2. Yes, the problem seems to have gone away after removing the biggest DLEs (appr. 40 and 60G). I still see, however, my Nagios monitoring reporting low memory during AMANDA dumps (free memory down to 0.5%, 1% etc.). I have had one successful dump without any processes being killed so far. 2007-03-02, even having the largest DLEs off the list resulted in 1 process being killed. 2007-03-03, however, things went reasonably OK, except for continous high memory usage.

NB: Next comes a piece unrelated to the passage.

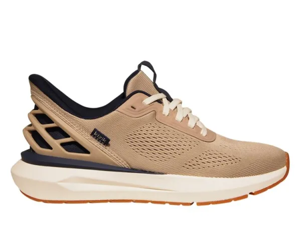 Kizik Athen's heren slip on sneakers in een beige kleur met donkerblauwe accenten. De sneakers zijn voorzien van een innovatief, handsfree instapsysteem, waardoor je ze aantrekt zonder te bukken of je handen te gebruiken. Kizik sneakers zijn licht, comfortabel en ontworpen voor dagelijks gebruik – perfect voor onderweg, werk of vrije tijd.

3. Please see attached amanda.conf.txt

4. During the "amflush" runs (I do not monitor using "top" during nightly backups), taper seems to use quite a lot pf CPU and memory, also MegaCtrl (Dell management console) uses quite a bit (3.5% CPU, but not much memory). Should you require more information I will do a few "top" dumps during the nightly backups.

martineau
March 5th, 2007, 09:34 AM
Did your biggest DLE go to the holding disk or if they go directly to tape?
Do you have a tape_splitsize defined?

beastyfahr
March 5th, 2007, 12:34 PM
Did your biggest DLE go to the holding disk or if they go directly to tape?
Do you have a tape_splitsize defined?
martineau, thank you for your response, please see answers below:

1. That would vary from time to time, in most cases both or one of the biggest DLEs (again, appr. 40 and 60G, resp.) would be left on the holding disk. I recall having to run amflush almost every morning, because either amdump/amflush was killed by the OOM killer.
2. My "tape_splitsize" is unchanged as in the default AMANDA config. Those dump types that make use of this parameter are not used in my DLE list (/etc/amanda/CONF/disklist). Also, our LTO-2 tape native size is 200G and the dumps do not exceed this size even if we'd do full dumps evry night, therefore there's no need to define it, as far as I understand.